Un assaggio di come potrebbe essere un’Europa a maggioranza di centrodestra si è avuto ieri, con la votazione da parte del Parlamento Ue sul nuovo regolamento in materia di imballaggi, il Packaging and Packaging Waste Regulation (Ppwr). Con 426 voti a favore, 125 contrari e 74 astensioni è passata una versione edulcorata del provvedimento, grazie agli emendamenti approvati sotto la pressione soprattutto dell’Italia, paladina degli interessi del mondo aziendale che ruota intorno ai produttori di plastica, agli agricoltori, al mondo del riciclo. Il prossimo passo prevede i colloqui tra il Parlamento e i governi nazionali sulla forma finale della legge, una volta che il Consiglio avrà adottato la sua posizione.

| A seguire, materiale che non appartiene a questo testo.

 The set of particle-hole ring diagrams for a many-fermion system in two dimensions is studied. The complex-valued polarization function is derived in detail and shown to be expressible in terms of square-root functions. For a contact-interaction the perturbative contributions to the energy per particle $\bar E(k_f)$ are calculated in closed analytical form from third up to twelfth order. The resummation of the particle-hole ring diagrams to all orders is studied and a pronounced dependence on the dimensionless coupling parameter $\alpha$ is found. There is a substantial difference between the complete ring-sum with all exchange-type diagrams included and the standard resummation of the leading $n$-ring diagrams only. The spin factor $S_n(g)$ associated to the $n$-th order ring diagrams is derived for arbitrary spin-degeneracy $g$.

Salvi molti dei punti-chiave del regolamento. Primi tra tutti gli obiettivi di riduzione dei rifiuti prodotti dagli imballaggi: il 5 per cento entro il 2030, il 10 per cento per il 2035 e il 15 per cento entro il 2040. I deputati hanno poi proposto obiettivi specifici di riduzione dei rifiuti per gli imballaggi in plastica (10 per cento entro il 2030, 15 per cento entro il 2035 e 20 per cento entro il 2040).

Ma come ha sottolineato il vicepremier Antonio Tajani, c’è stata «al Parlamento europeo una grande vittoria di Forza Italia e del Ppe con importanti modifiche al regolamento sugli imballaggi. Bloccata la deriva populista sul riuso spinto che penalizza industria e agricoltura». Soddisfazione anche da Pd per l’inserimento della deroga «per tutti quei paesi che, come l’Italia, negli ultimi anni hanno investito in un sistema di riciclo ad alta qualità, tra i più efficienti a livello europeo: chi raggiungerà l’85% di quota di riciclo degli imballaggi interessati sarà infatti esentato dall’obbligo di riuso».

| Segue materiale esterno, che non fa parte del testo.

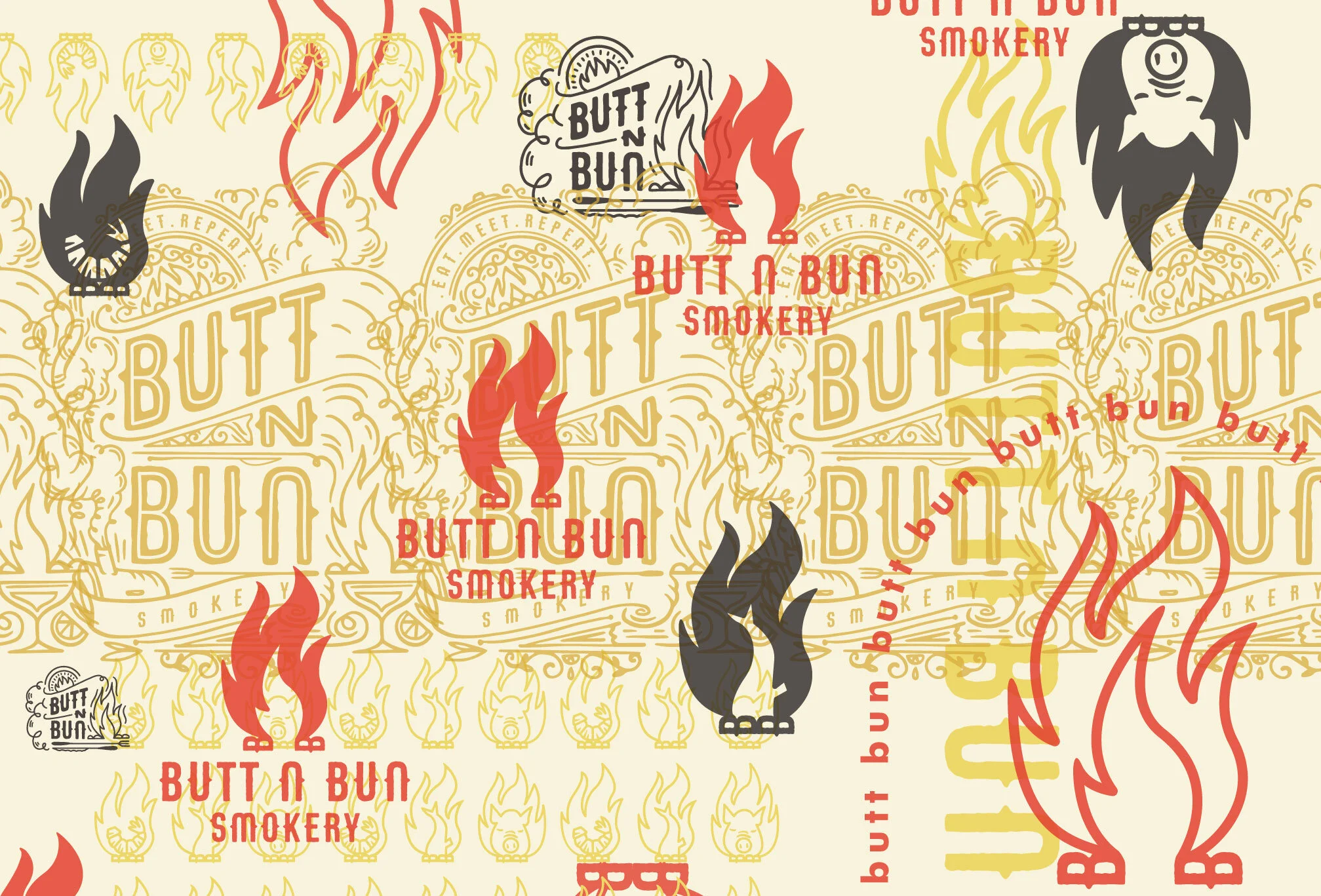 Logo set for Butt N Bun A smokery & clothing company honoring food, drink and neighbors. Go there Where friends meat.

Da mesi le lobby premevano per modificare un provvedimento che si propone di limitare la produzione di rifiuti riducendo gli imballaggi e l’usa-e-getta, e di incentivare il riuso. Uno scenario che spaventa tanti, dai fornitori di insalata in busta ai produttori di bicchierini di carta, come Antonio D’Amato, presidente del gruppo d’imballaggi in Seda, secondo il quale sarebbe a rischio il 30% del Pil italiano.

Una cifra abnorme, citata anche dalla Coldiretti e da altre associazioni imprenditoriali, che non si capisce da dove venga fuori: nel 2022, il valore dell’agroalimentare era pari al 2,2 per cento dell’economia italiana, l’industria alimentare valeva l’1,6 per cento, per un totale di circa 70 miliardi di giro d’affari. Se poi aggiungiamo i 36 miliardi di fatturato dell’industria del packaging, gli 8,5 miliardi di euro dei costruttori di macchine per il confezionamento, si arriva a 114,5 miliardi, ben lontano dai 572 miliardi equivalenti al 30 per cento del Pil.

Oltre a paventare la perdita di migliaia di posti di lavoro, le lobby sostengono che il riuso dei bicchieri o dei contenitori per il cibo consumerebbe più acqua e produrrebbe più Co2 rispetto all’utilizzo di confezioni usa-e-getta.

Queste tesi sono basate su vari studi che in realtà sono finanziati dalle stesse industrie. E che sono smentiti da un’indagine condotta dal Jrc, il braccio scientifico della Commissione Ue, che ha il compito di fornire prove indipendenti a sostegno dello sviluppo delle politiche europee: il centro ha avviato nel maggio 2023 uno studio i cui risultati preliminari mostrano che il riutilizzo ha impatti ambientali inferiori rispetto alle diverse alternative monouso, in particolare per emissioni di gas serra e consumo di acqua.